Oswald Gruebel, departing chief executive officer of UBS AG. Photographer: Peter Frommenwiler/Bloomberg
Oswald Gruebel, departing chief executive officer of UBS AG. Photographer: Peter Frommenwiler/Bloomberg

Sept. 23 (Bloomberg) -- “We do know what we’re doing,” UBS AG Chief Executive Officer Oswald Gruebel told investors last year about plans to step up risk-taking to boost profit. “Risk is our business.”

Ten months later, Switzerland’s biggest bank revealed a $2.3 billion loss from what it called “unauthorized trading.” Kweku Adoboli, a 31-year-old trader at the company, appeared in court in London yesterday on charges of fraud and false accounting. Now UBS is the subject of probes by U.K. and Swiss regulators and is facing calls by investors and politicians to scale back its investment bank.

“The reputation is now at its limit,” said Guy de Blonay, a London-based fund manager at Jupiter Asset Management Plc, which oversees about 25 billion pounds ($39 billion), including UBS shares. “One more mistake and it could damage the reputation for good.”

Gruebel, 67, was hired out of retirement to stabilize the lender, the flagship for Switzerland’s wealth-management industry, after bets on U.S. mortgage-backed securities backfired. The bank posted the biggest loss in Swiss corporate history and took a capital injection of 6 billion Swiss francs ($6.6 billion) from the government. Born in East Germany, he spent 37 years at Credit Suisse Group AG, earning the moniker “Saint Ossie” for helping restore that bank’s profit and reputation, and for spotting the U.S. subprime debacle early.

At UBS, he has put on the brakes and stepped on the gas. He began by cutting more than 7,500 jobs and curbing risks -- and missed the 2009 boom in fixed-income trading that allowed competitors such as New York-based Goldman Sachs Group Inc. and JPMorgan Chase & Co. to profit.

Profit Target

Then, in November 2009, he set a target of reaching 15 billion francs in pretax profit by 2014. To get there, Gruebel ramped up the Zurich-based bank’s fixed-income unit under Carsten Kengeter, added 1,700 employees at the investment bank and took on more risk. By November 2010, Kengeter, 44, was in sole charge of the investment bank.

“We have to have risk to be able to make money,” Gruebel said at the investor presentation in London on Nov. 16. “If ever anything goes wrong, at least you will not hear any of us say we didn’t know.”

That’s just what UBS managers are saying now. The bank didn’t verify trades prosecutors say may date to 2008. Gruebel wasn’t available to comment, a spokesman said.

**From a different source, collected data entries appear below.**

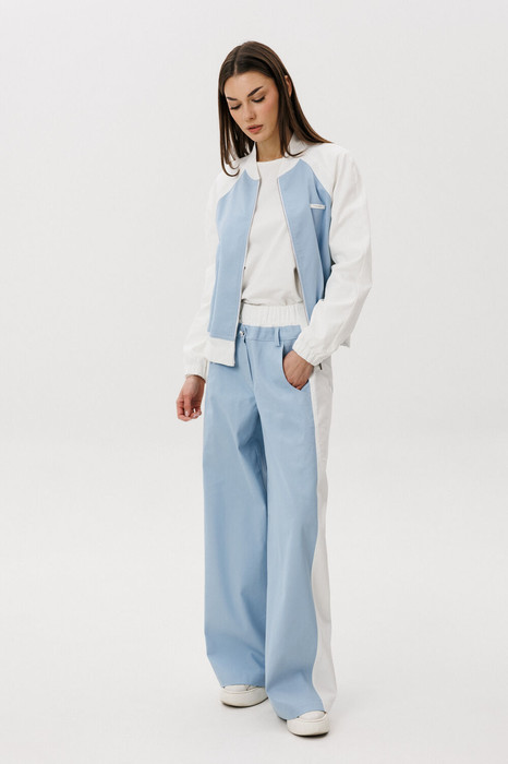 Широкие брюки придают образу трендовую выразительность и свободу движений, а свежий голубой оттенок добавляет легкости и визуальной чистоты. Комплект легко комбинируется с базовыми футболками, топами и кедами, создавая стильные повседневные образы.
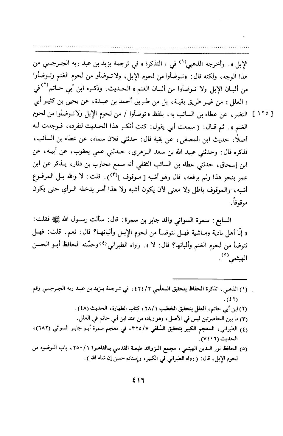 السابع: سمرة السوائي والد جابر بن سمرة: قال: سألت رسول الله - صلى الله عليه وسلم - فقلت: "إنّا أهل بادية وماشية فهل نتوضأ من لحوم الإبل وألبانها؟ قال: نعم. قلت: فهل نتوضأ من لحوم الغنم وألبانها؟ قال: لا". رواه الطبراني وحسّنه الحافظ أبو الحسن الهيثمي.
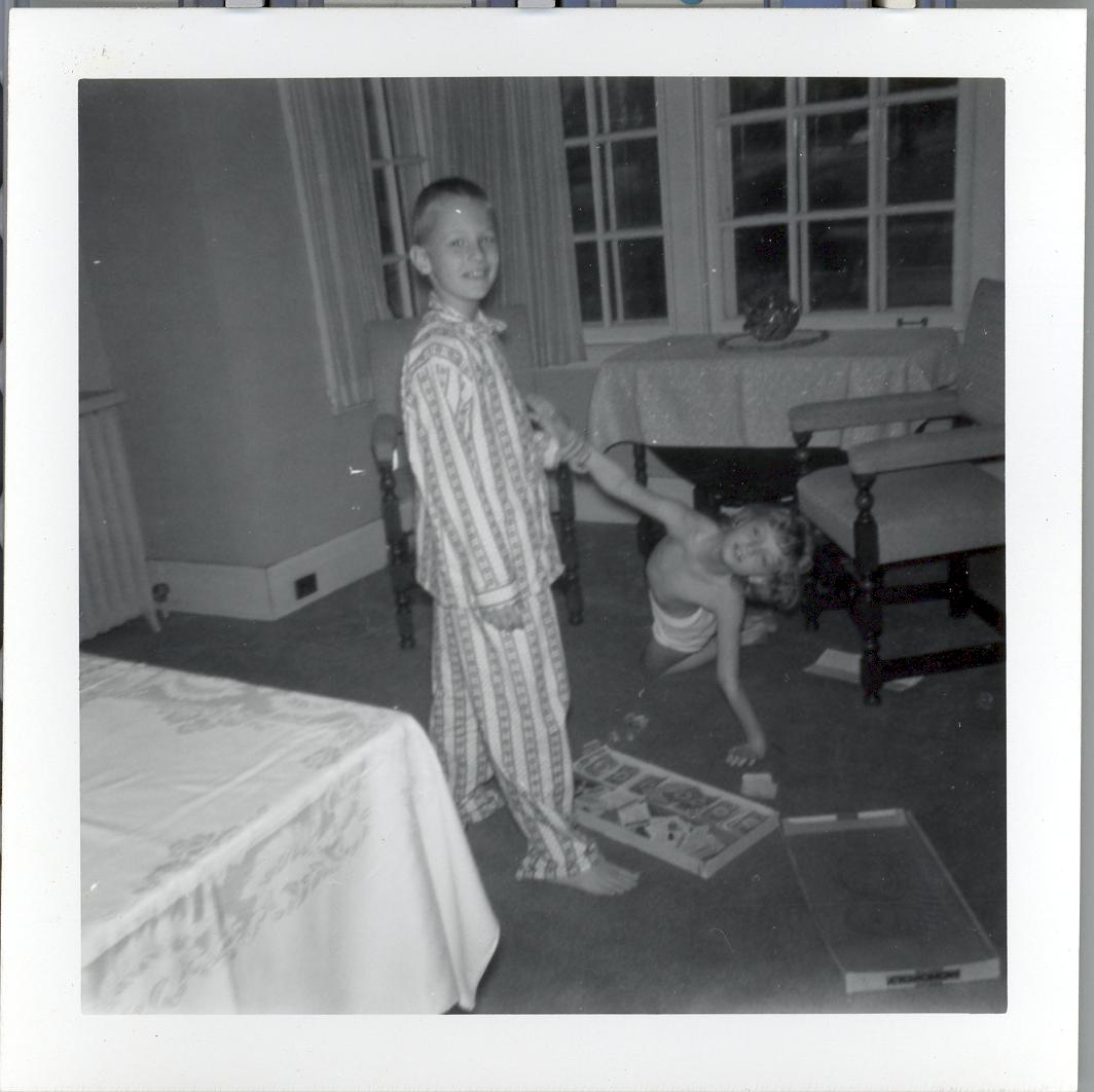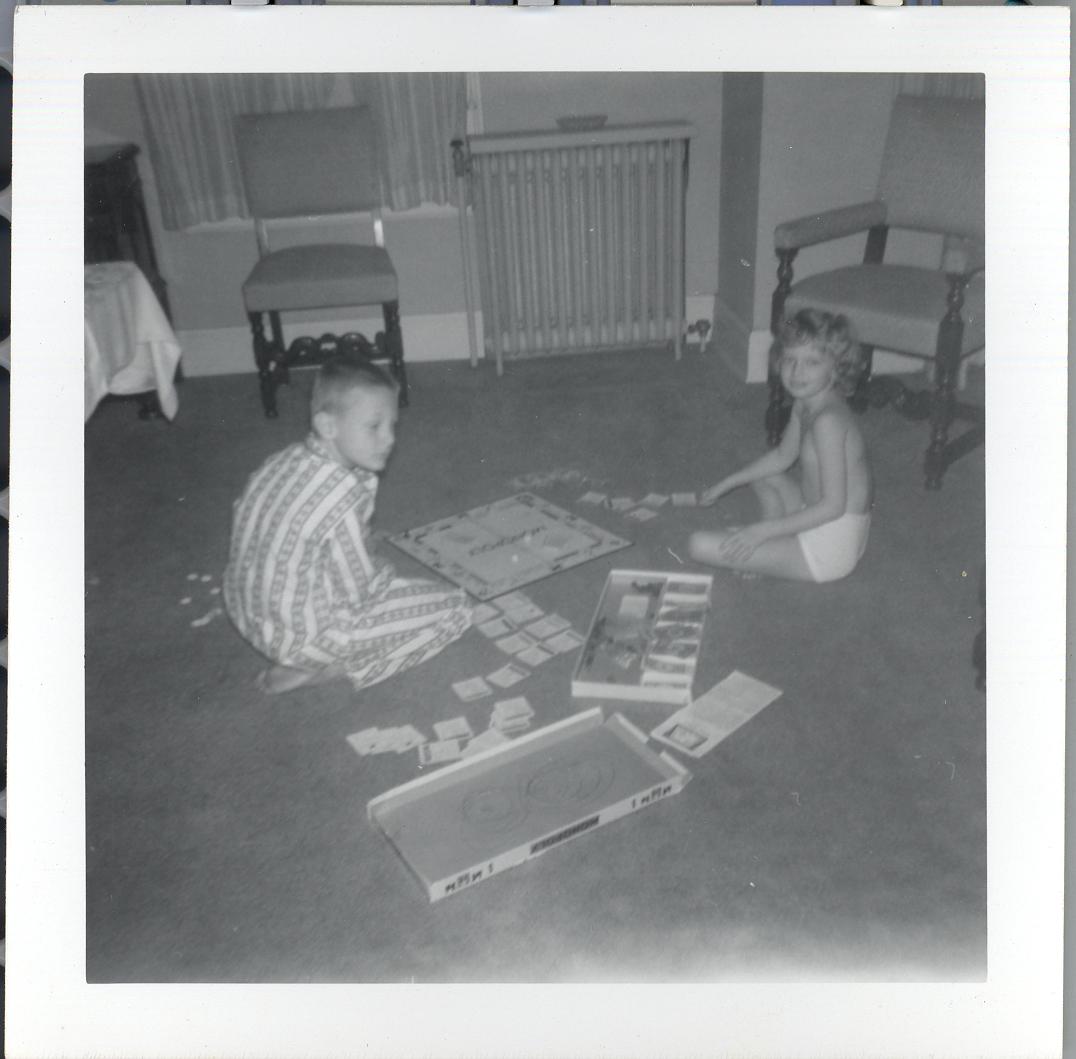PicId: scan1080 Group: Unspecified Where: 798 Berkshire, Grosse Pointe, MI When: 07-01-1960 Subject(s): Stephen Douglas Hershey; Patricia Kay Hershey Comments: Playing monopoly on dining room floor |
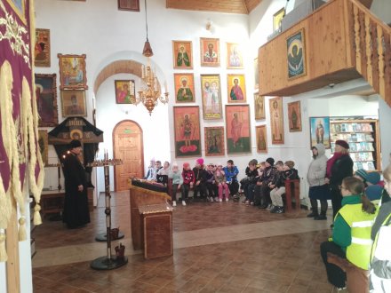 В ходе встречи священник рассказал ребятам о Спасителе мира Господе Иисусе Христе и о сути православной веры. Так же настоятель прихода объяснил детям, как устроен храм и рассказал о правилах поведения в нём. Большой интерес у ребят вызвало повествование о распятии Сына Божия, нашего Спасителя, а также об Архангеле Михаиле, в честь которого освящён храм.
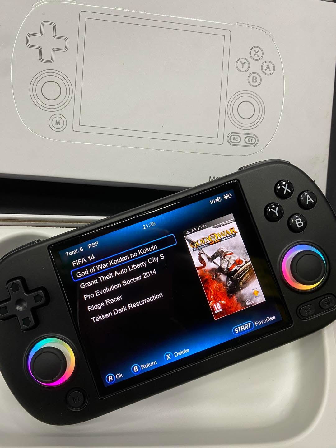 - Avec un éclairage de joystick coloré RVB et un anneau lumineux RVB de 16 millions de couleurs, la machine est livrée avec une luminosité constante, une respiration, un arc-en-ciel, un cycle arc-en-ciel, une poursuite de la lumière, un jeu et d'autres modes, et peut personnaliser la couleur et ajuster la luminosité. De plus, la console de jeu est équipée d'un angle de vision complet IPS de 4,0 pouces, l'OCA est entièrement installé et l'écran est très clair. La résolution 640480 offre des effets visuels nets et vibrants, et vous pouvez voir plus de détails et de belles scènes dans le jeu.
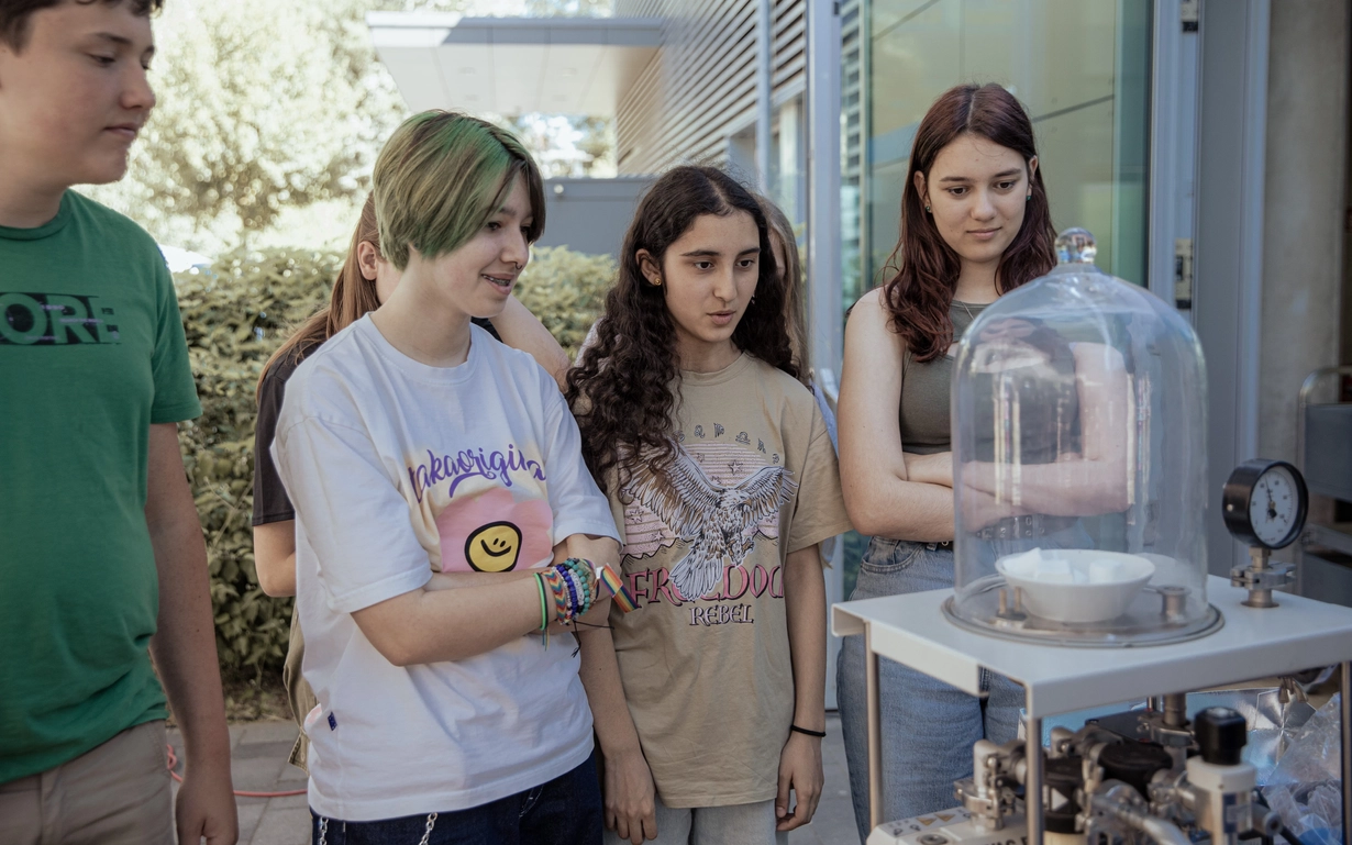 Schüler in Mainz stehen um einen Tisch während ein SCHOTT Azubi ihnen etwas demonstriert
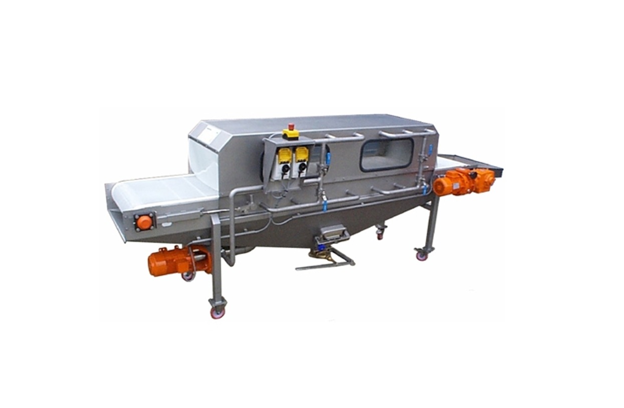A flexible machine for washing of vegetables and fruit in small and medium sized quantities. A recirculation and a fresh water section are provided.
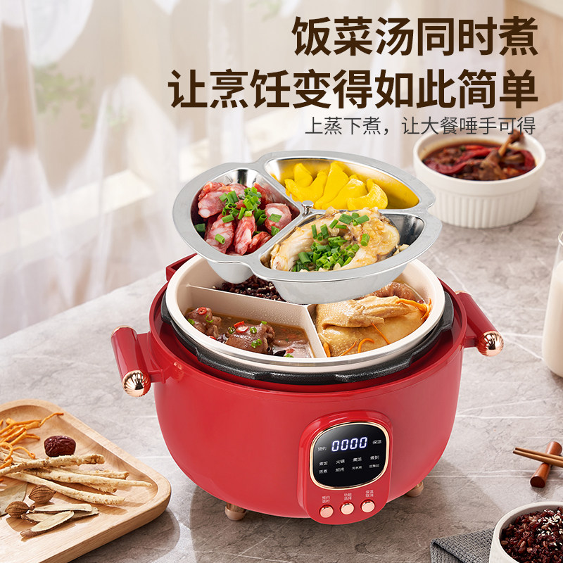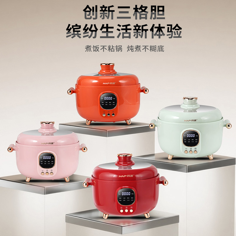 韩派鸳鸯三格电压力锅家用小型多功能智能双胆一锅三用高压锅饭煲
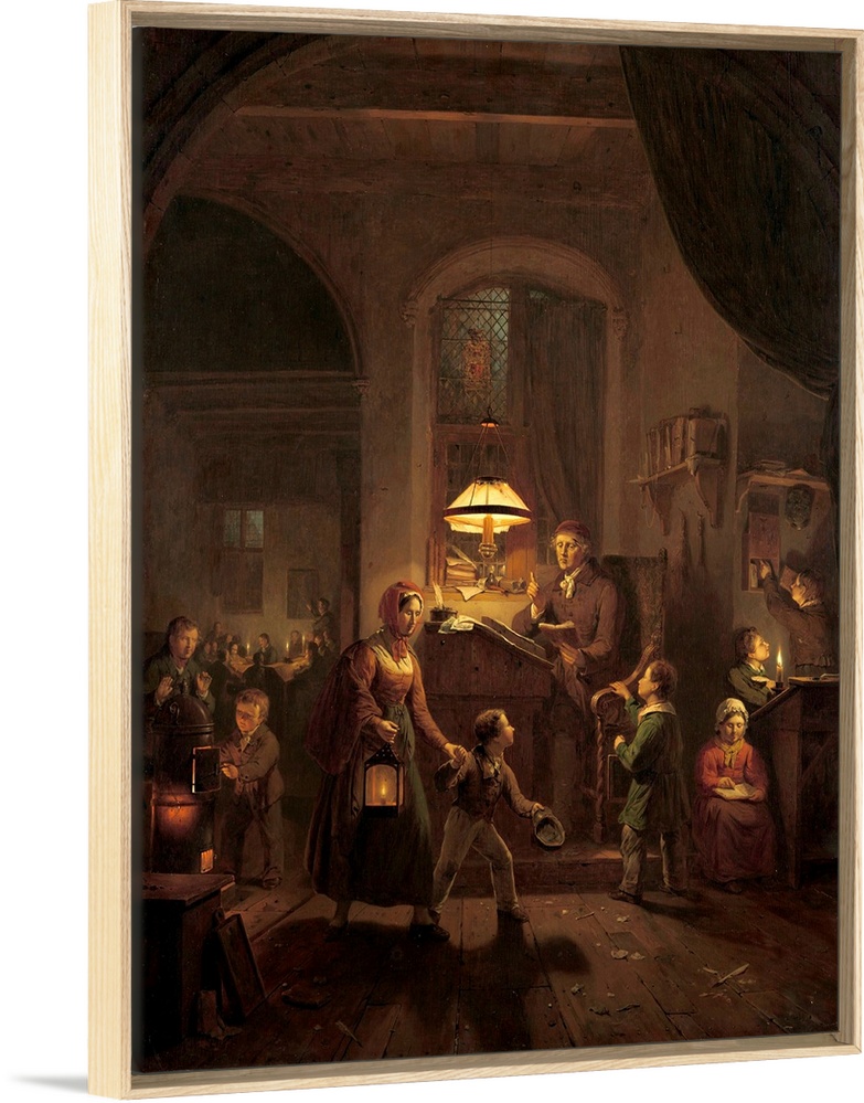 <p>Night School, by George Gillis Haanen, 1835, Dutch painting, oil on panel. A mother with a lantern brings her son to school where other boys and one girl read by candlelight. The school master is at his desk. At left two boys warm up by a stove, and in the background is class of older students.</p>
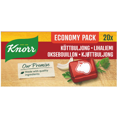 Бульон Knorr – идеальный помощник в приготовлении вкусной еды. Много кубиков бульона подходят для использования в качестве основы соусов, хороши для супов и запеканок. В упаковке 20 кубиков, из одного кубика получается 0,5 л готового бульона. Состав: Состав: соль, растительные жиры (пальмовый, ши, соль), крахмал, ароматизатор, сахар, дрожжевой экстракт, говяжий жир 3%, порошок говяжьего бульона 2,1%, карамельный сироп, луковый порошок, мальтодекстрин, петрушка, морковь, специи (включая семена сельдерея), антиоксидант (экстракт розмарина). Пищевая ценность / 100 г: Энергетическая ценность: 318 ккал 1329 кДж Жир: 0,5 г из них полезно: 0,3 г Углеводы: 0,5 г из них сахар: 0,5 г Пищевые волокна: 0,5 г Белок: 0,5 г Соль: 0,86 г Лактоза: - .
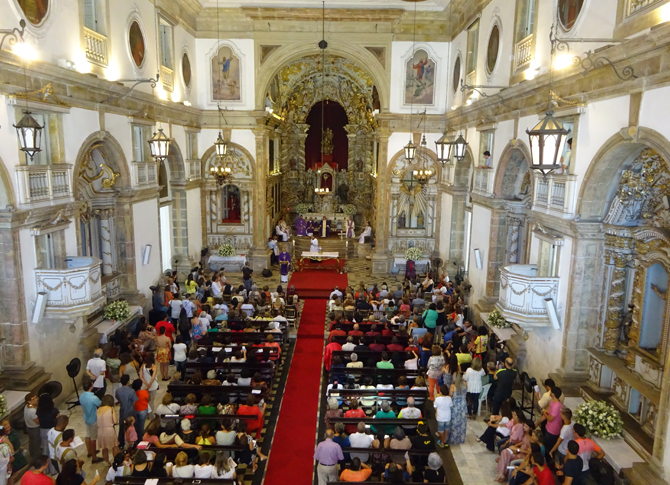 Sua beleza, entretanto, permanece imaculada. No seu interior, é possível encontrar pinturas sacras, mobiliário em jacarandá e a imagem do Senhor do Bom Jesus dos Passos. Pois bem, ontem, às 11h, aconteceu a cerimônia de posse do novo paróco, quando Padre Roberto Nogueira passou as funções para Frei Rinaldo Pereira. A cerimônia começou com a chegada do Bispo Auxiliar da Arquidiocese de Olinda e Recife, Dom Antonio Tourinho, ao som da música “Sou bom Pastor ovelhas guardarei, não tenho outro ofício, nem terei, quantas vidas eu tiver, eu lhes darei”.

“It’s come at a horrendously bad time for UBS,” John Cryan, 50, who served as chief financial officer from 2008 until June, said in an interview. “They’re back to square one.”

‘Sorry Beyond Words’

The latest setback stemmed from unauthorized trading in stock-index futures, UBS said this week. Adoboli said through his lawyer he was “sorry beyond words” for his “disastrous miscalculations” when he appeared yesterday at the City of London Magistrates’ court. He wasn’t required to enter a plea and remains in police custody pending an Oct. 20 hearing. He faces a maximum 10-year jail sentence, according to the Crown Prosecution Service’s sentencing manual.

UBS shares have fallen 12 percent since the day the bank disclosed the loss and are down 37 percent this year compared with a 39 percent decline in the 46-member Bloomberg Europe Banks and Financial Services Index.

That the breakdown in controls accompanied a ramping up of risk doesn’t surprise Jupiter’s de Blonay.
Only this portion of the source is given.